Le dieu Pan n'est pas dans le livre II un deus ex machina. Certes
il amène par son intervention une conclusion heureuse à une
aventure des héros. Mais surtout il figure les tendances
fantasmatiques qui apparaissent dans la conscience et qui ont besoin d'être
dépassées. Il intervient précisément lorsqu'il existe une grande
inquiétude et même une angoisse dans la situation que Daphnis
et Chloé ne peuvent dominer (II, 8, 3). Pan joue un rôle analogue
dans un autre domaine à travers l'expérience des navigateurs de
la Mer Rouge. Cependant, en même temps qu'il permet l'expression
de l'angoisse, il la tempère et la soulage. Longus fait preuve d'une
très grande rationalité, tout en utilisant les thèmes mythiques et
religieux. Ce n'est pas le lieu de reprendre le débat sur la signification
de Daphnis et Chloé : œuvre d'inspiration religieuse, où Éros serait
une force cosmique, ou bien plaisir d'un écrivain hautement
cultivé (19)? Nous avons voulu seulement dans cette analyse
montrer la justesse de son observation de la réalité humaine. La
comparaison avec des séries de faits établis par la psychologie
montrerait encore sa pénétration dans bien des détails de son
roman.
Claude Meillier.

(18) La première histoire que Daphnis raconte à Chloé (I, 27) est «banale »
et ne contient encore aucune conscience du désir amoureux.

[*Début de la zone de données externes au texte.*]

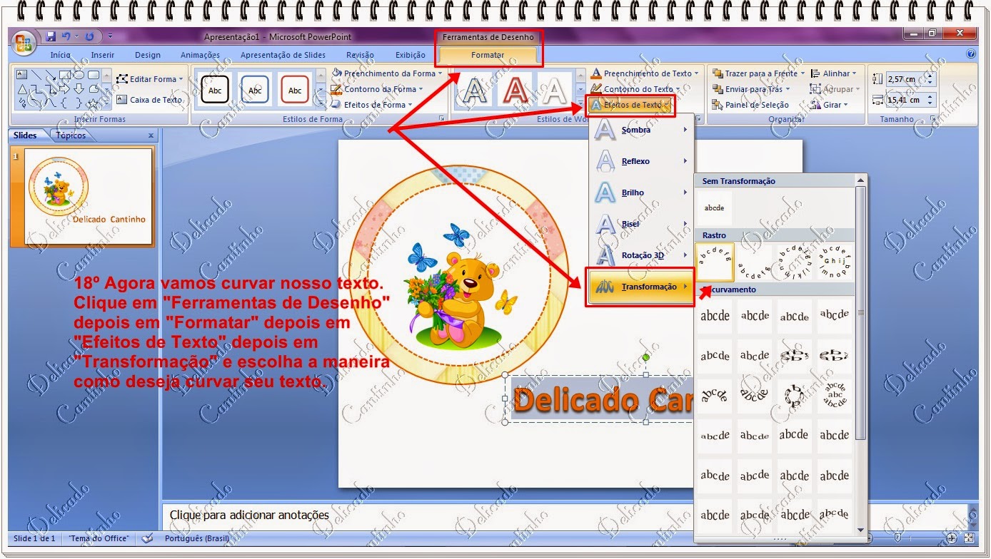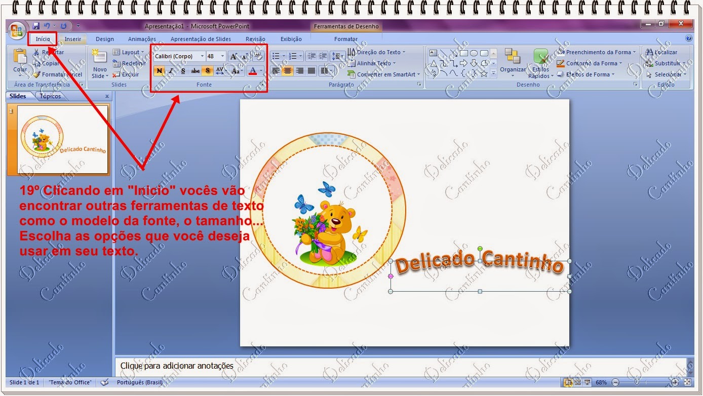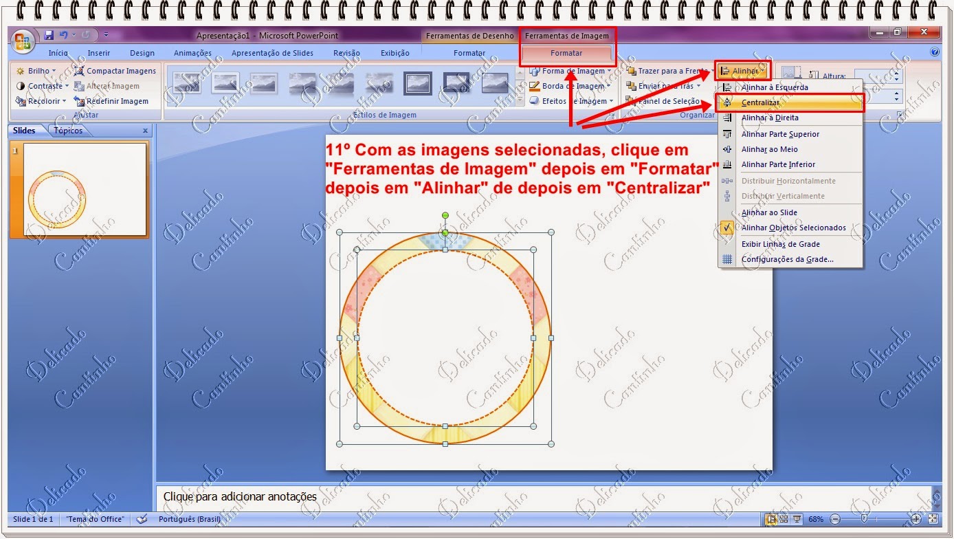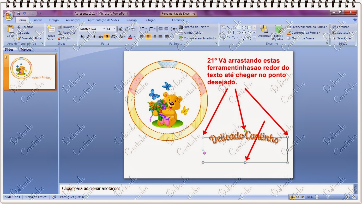 Hoje trago para vocês um passo a passo de como fazer selinhos no PowerPoint. Como já aconteceu com várias amigas inclusive comigo de outras pessoas copiarem nossas fotos e divulgarem como se os trabalhos fossem delas é sempre bom identificarmos nossos trabalhos seja com marquinha d'agua que inclusive já fiz uma postagem, que explica em detalhes como fazer. Caso você não tenha visto a postagem clique Aqui ou com os selinhos. Sei que isso não impede que as más intencionadas usem nossas fotos como se fossem delas, mas dificulta bastante. (TODOS OS CRÉDITOS SÃO DO DELICADO CANTINHO)

(19) Voir en particulier H. H. O. Chalk, Eros and the Lesbian pastorals
of Longos, J.H.S. 80 (1960), p. 32-51, critiqué par Marisa Berti, Sulla inter-
pretazione mislica del romanzo di Longo, Studi Clas. e Orient. 16 (1967), p. 343-358.
Note complémentaire. Georges Devereux me rappelle aimablement une
précision sur le processus psychologique qui conduit aux hallucinations. C'est
l'appauvrissement de l'ambiance en stimuli qui permet le développement des
hallucinations (sensory deprivation), comme l'ont montré des études en
laboratoire. Ainsi faut-il rectifier ce qui est dit au sujet de la terreur des Gaulois
à Delphes et de la peur panique dont parle la Souda. C'est pendant la nuit et
dans le silence qui succède à la bataille que les Gaulois sont en proie aux
132 CLAUDE MEILLIER
hallucinations, ce que le récit de Pausanias montre précisément. Quant à
l'indication de la Souda, elle rappelle, par l'obligation de rester sous la tente
dans des relations familières, la nécessité d'un effort conscient, contradictoire
avec le déchaînement de forces irrationnelles. Par ailleurs, Georges Devereux
se demande si le petit groupe de gens tapis dans leur tente ne se sent pas dans
un abri « utérin ». J'avais pensé à cette interprétation, qu'il faut cependant
tenir en réserve en attendant de faire la comparaison avec des situations
parallèles dans les textes littéraires et dans l'observation de cas cliniques.
On trouvera des analyses utiles et convaincantes sur les sons et sur leur charge
affective dans le premier chapitre du livre de Georges Devereux, Tragédie et
poésie grecques, études ethnopsychanalytiques, Paris, Flammarion, 1975.